During an online presentation of the toolkit, Spiezle said there has been a surge of IoT devices on the market, and since he has been president and chairman of the Online Trust Alliance, Spiezle and multiple stakeholders sought to address three dimensions of the IoT ecosystem: the physical devices, the cloud services behind them, and any associated apps.

“It’s important to look at all three of these combined because each one becomes an attack vector to exploit the device, the user and the data,” Spiezle said during the presentation.

Spiezle worked to create the toolkit by distilling the documents from those initiatives into one resource. Pulling the most important attributes from those initiatives helped address concerns developers and manufacturers continuously faced, as many initiatives had conflicting goals and messages.

“All of these efforts have created a tremendous amount of confusion that has given the industry a good excuse for not advancing forward at times, and that does serve any of our benefits,” Spiezle said. “If we share this version of a trustworthy internet and realize all the benefits to society, we need to move off our position and think about the developers, manufacturers and vendors we are trying to influence.”

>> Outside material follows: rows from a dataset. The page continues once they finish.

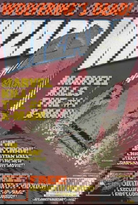Ultimate Spider-Man, Thing, & Wolverine cover by David Finch & Art Thibert. Polybagged with extras. Will Pfeifer discusses Aquaman; Jim Lee discusses 'Coup D'etat'; Q & A with Ron Perlman on Hellboy film; exclusive 8-page New Frontier tale by Darwyn Cooke; Books of the Month: Kurt Busiek discusses Conan, J. Michael Straczynski discusses Supreme Power, Will Pfeifer discusses H-E-R-O and Nunzio DeFilippis and Christina Weir discuss New Mutants; Q & A with Paul Jenkins; Alex Ross answers fans' questions; 9 pages from Ultimate Fantastic Four; Kirsten Dunst discusses Spider-Man 2; Avi Arad, Miles Millar, Alfred Gough, Tom DeSanto and David Goyer discuss comics on screen, with Greg Horn illo; Basic Training by Joe Kubert (Part 4 of 6); Q & A with Michael Turner; Secret Stash: Barefoot Serpent; 14 things you didn't know about Alan Moore Cover price $4.99.
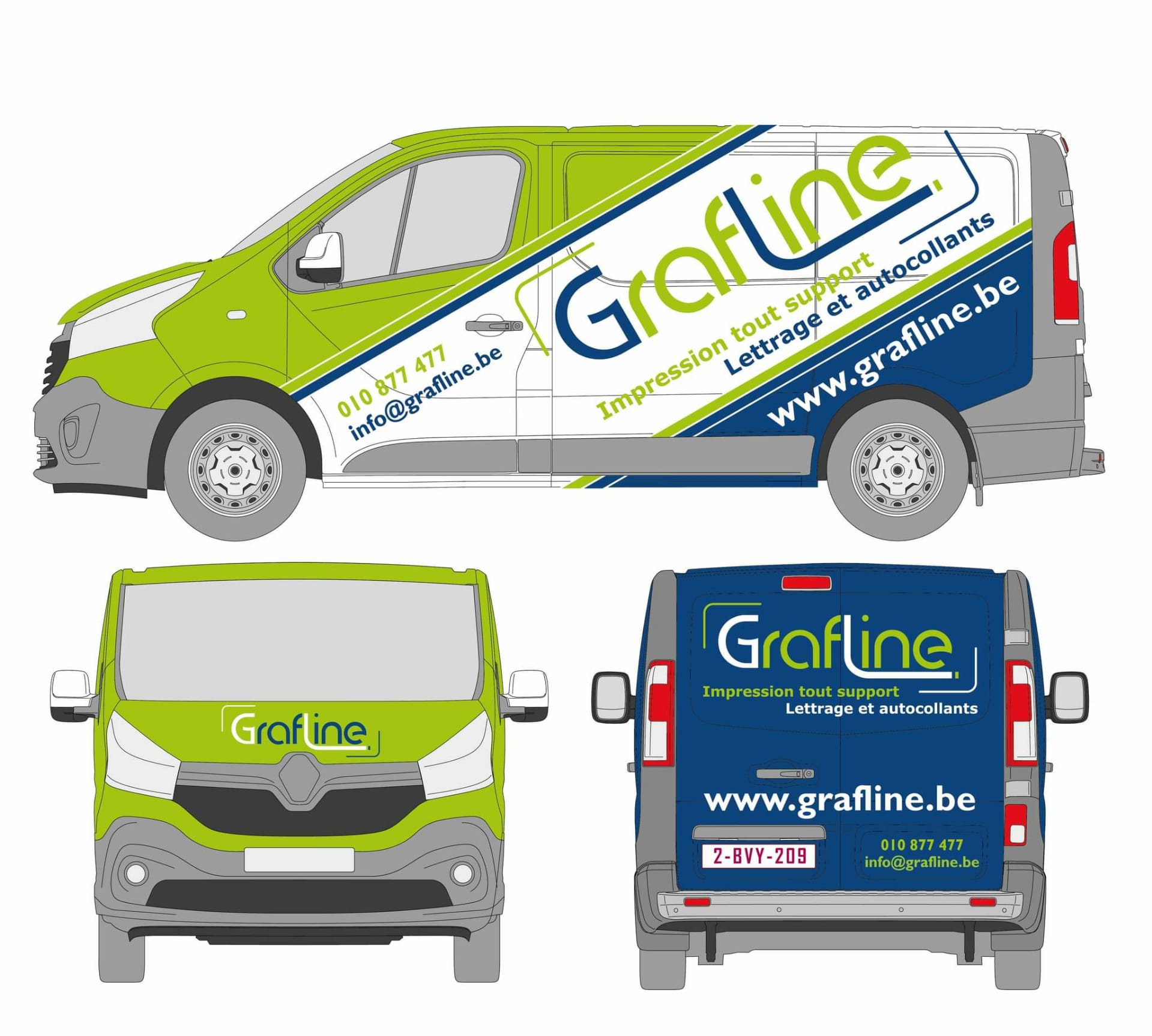 Une sélection de réalisations signées Grafline, allant du lettrage aux enseignes, en passant par les stickers, bâches, panneaux et projets sur mesure.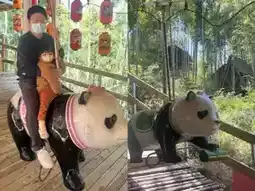 🌟Itinerary: After entering the park, first go to the Petting Zoo. There are many cute little animals inside, such as Chow Chow dogs (they look a lot like little pandas), Shetland ponies, alpacas, pygmy goats, raccoons, Call ducks, sika deer, capybaras, and more. Children can feed and interact with them, it's super fun! Then go to "Panda Mountain." Ride the cute panda-shaped car slowly up the mountain; it's relaxing and fun, and the scenery along the way is also beautiful, especially suitable for lazy travelers! When you reach the top of the mountain, head straight for the Bamboo Drifting. The whole course is about 1.2 kilometers. Drift down the glass walkway with lots of continuous turns, it's super exciting and fun! Children can play with adults, and the park provides free raincoats. After drifting, go and experience the Sky Road Flying Car. The 1314-meter track spirals down the mountain, with 360° extreme bends and a high drop, giving you the feeling of a real-life sunset flying car, super cool! It's recommended to go after 4:30 pm. With the sunset, the atmosphere is amazing! When you're tired, go to the Bamboo Forest Cafe, have a cup of coffee, enjoy some leisure time, and experience the Bali style. Afterward, you can take photos at Panda Village. Surrounded by the Anji bamboo sea, the village has dozens of cute panda installations, also incorporating Bashu culture. Every photo is a masterpiece! Then go and experience the Panda Big Trampoline and Bamboo Forest Crossing, and finally, go to the Bird World to see various birds and learn about ecological knowledge.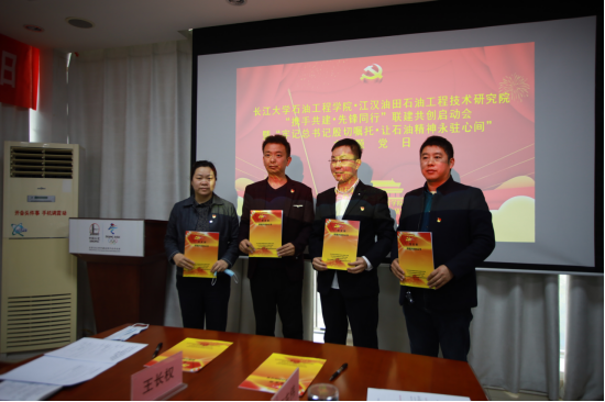 江汉工程公司党建专家李彦宣读党支部联建共创协议书,永利3044集团官网油气田开发工程系教工党支部书记王长权、油气井工程系教工党支部书记吴惠梅、研究生第一党支部书记史永波和江汉工程院储层改造党支部书记高东伟签订联建共创协议书,并依次作表态发言。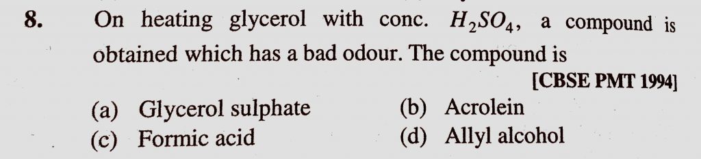 On heating glycerol with conc. H2SO4, a compound is obtained which has a bad odour. The compound is (a) Glycerol sulphate (b) Acrolein (c) Formic acid a compound is obtained which has a bad odour. The compound is (a) Glycerol sulphate (b) Acrolein (c) Formic acid On heating glycerol with conc. H2SO4 February 10, 2021 Category: Uncategorised (JEE Advanced Physics by BM Sharma + GMP Solutions) , Facebook Messenger WhatsApp Share this:TwitterFacebook Related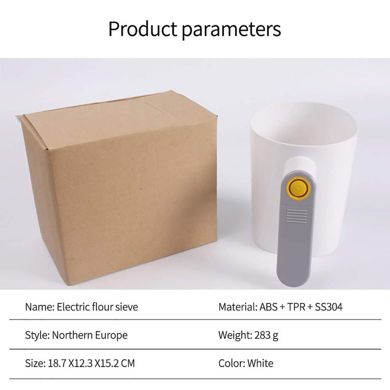 - 🍰BATTERY OPERATED FLOUR SIFTER FOR BAKING: Electric flour sifter can sift the lightly flour ,easy to use,One button and flour sifter one hand operation,Sift flour quickly andshort time. Save time of Baker, 2* AA battery(Be Not Included )

Within the toolkit are 45 principles Spiezle and his team felt best represented a summation of what the initiatives hoped to achieve. Companies can use these principles to help create devices with the proper privacy, security and safety measures needed for a successful product. Organizations can also use the principles when determining products they may wish to buy.

The principles are divided into four categories: security by design; user identity and authentication; privacy, disclosure and transparency; and related safety, privacy and usability enhancing principles. 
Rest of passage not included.